Gedenkstätte Ahlem: Das Sammellager Altwarmbüchener Moor

3. März 2017 @

Dokumentarische Spurensuche im Austausch mit Zeitzeugen: Im Rahmen eines Filmprojekts haben Schülerinnen und Schüler der KGS Hemmingen im Stadtarchiv Hannover recherchiert und eine Sintezza befragt, die als Kind im Sammellager Altwarmbüchener Moor leben musste. Sie erzählt in einem etwa 50-minütigen Dokumentarfilm über diese Zeit. Am Sonntag, 5. März, um 15 Uhr ist dieser Film in der Gedenkstätte Ahlem an der Heisterbergallee 10 in Hannover zu sehen. Im Anschluss an die Filmvorführung wird ein Sinto, der als Nachkriegskind bis in die 1960er Jahre in dem Sammellager Altwarmbüchener Moor gelebt hat, über seine Erfahrungen berichten und erzählen, was es heißt, derart isoliert im Nachkriegsdeutschland aufzuwachsen.

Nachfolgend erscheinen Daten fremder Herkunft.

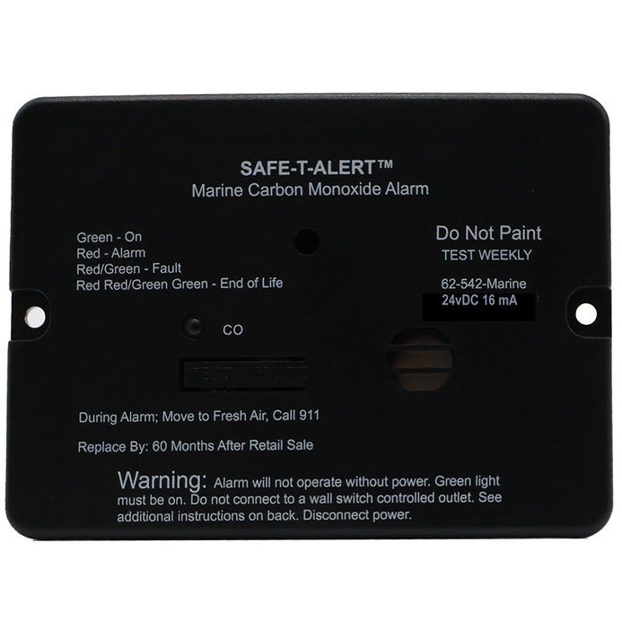 Safe-T-Alert 62 Series Marine Carbon Monoxide Alarm - 24V Flush Mount - Black
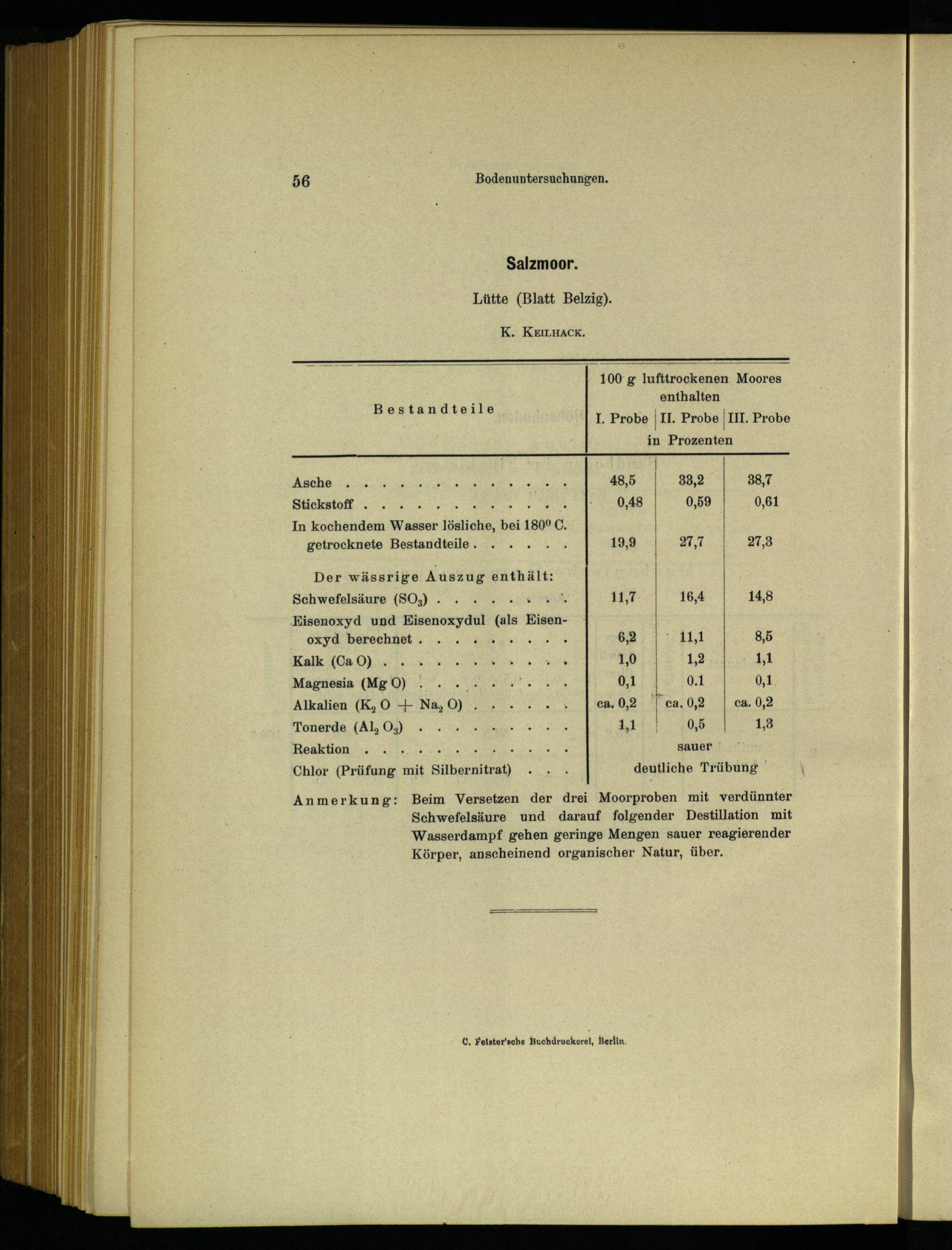 Anmerkung: Beim Versetzen der drei Moorproben mit verdünnter Schwefelsäure und darauf folgender Destillation mit Wasserdampf gehen geringe Mengen sauer reagierender Körper, anscheinend organischer Natur, über,
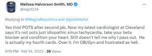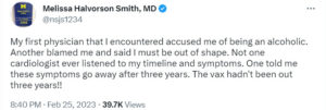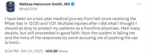 Dr. Melissa Halvorson Smith is a gynecologist from North Dakota and heads the Women’s Health Center. She was injured by 2 doses of Pfizer covid-19 mRNA vaccine. In her words (here):
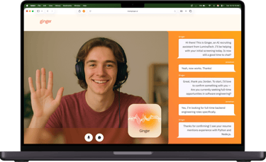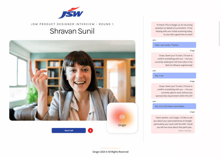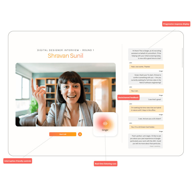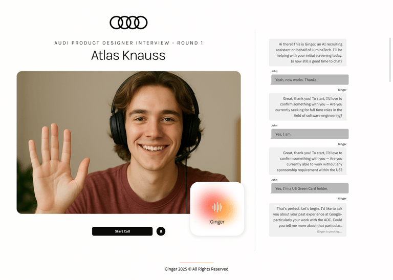 Ginger is an AI-driven voice recruiter used by companies to screen candidates through natural, human-like conversations. I joined as the founding designer to lead the end-to-end product design from research to UI, prototyping and conversational design.
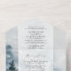 Una versión mejorada de la triple invitación ahora con una sección de desgarro de rsvp. Podrá disfrutar de un ilustracion acuático de montañas y pinos, combinado con una elegante tipografía caligráfica, que ofrece un aspecto de moda. Esta invitación sustentable "todo en uno" te ahorraría dinero, no hay necesidad de incluir sobres RSVP, tus invitados desgarrarán el último panel y te lo enviarán de vuelta como postal. **Esta invitación fue diseñada para entrar en sobres para proteger tu inversión y para tener realmente un todo en uno incluyendo invitación, recepción más información de detalles, y rsvp. Si necesitas algún cambio, estoy encantado de ayudar ***Servicio de direccionamiento digital pdf disponible bajo petición. (para la impresión DIY). Correo electrónico en info@the52edit.com para más información
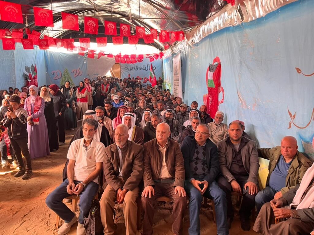 المسار :نظمت الجبهة الديمقراطية لتحرير فلسطين محافظة رفح احتفالاً حاشداً تحت شعار ” نحو خطة وطنية لتعزيز صمود أبناء شعبنا من خلال إعادة الإعمار ووقف مخططات التهجير” وذلك في قاعة ابو جبل بمنطقة المواصي جنوب قطاع غزة بحضور الرفيق صالح ناصر عضو المكتب السياسي وأمين اقليم قطاع غزة والرفيق ابو سالم معمر عضو المكتب السياسي و أعضاء اللجنة والقيادة المركزية وصف واسع من قيادات وكوادر الجبهة بمحافظة رفح وممثلي الفصائل والقوى الوطنية والإسلامية واللجنة الشعبية للاجئين مخيم رفح والوجهاء والمخاتير والاتحادات النسوية وشخصيات اعتبارية وذوي الشهداء والاسرى.
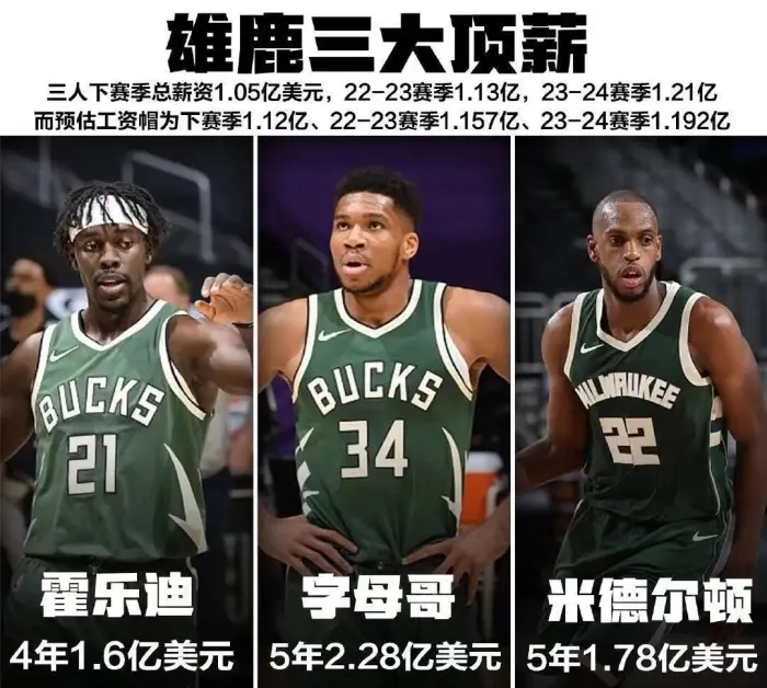 再加上字母哥的5年2.28亿美元超级顶薪,以及米德尔顿的5年1.78亿美元顶薪,NBA最贵三巨头就此诞生。

Mahnmal für die Sinti im Altwarmbüchener Moor – Foto: Reinhold Baaske

In der Weimarer Zeit gab es in Hannover mehrere Stellplätze für Sinti. Ein Teil der Sinti wohnte aber auch in der Stadt selbst, meist in der Altstadt oder in der Calenberger Neustadt. Im Jahr 1938 wurde im Altwarmbüchener Moor ein kommunales Sammellager errichtet, in das zunächst die Sinti eingewiesen wurden, die auf Stellplätzen lebten, ab 1942 auch die Sinti, die zuvor in Wohnungen gewohnt hatten. In der Nacht zum 1. März 1943 umstellten und räumten Polizisten dieses Lager. Die Familien wurden mit ihren Kindern zum Bahnhof Fischerhof gebracht und von dort nach Auschwitz-Birkenau deportiert.

Nach Kriegsende kehrten die überlebenden Sinti in ihre Heimatorte zurück. Da es in Hannover nicht genügend Wohnraum gab und Sinti bei der Wohnraumverteilung hintenan gestellt wurden, mussten sie wieder in den alten Wagen im Altwarmbüchener Moor unterkommen.

Hinweis: Aufgrund der Veranstaltung fällt die öffentliche Führung an diesem Sonntag aus.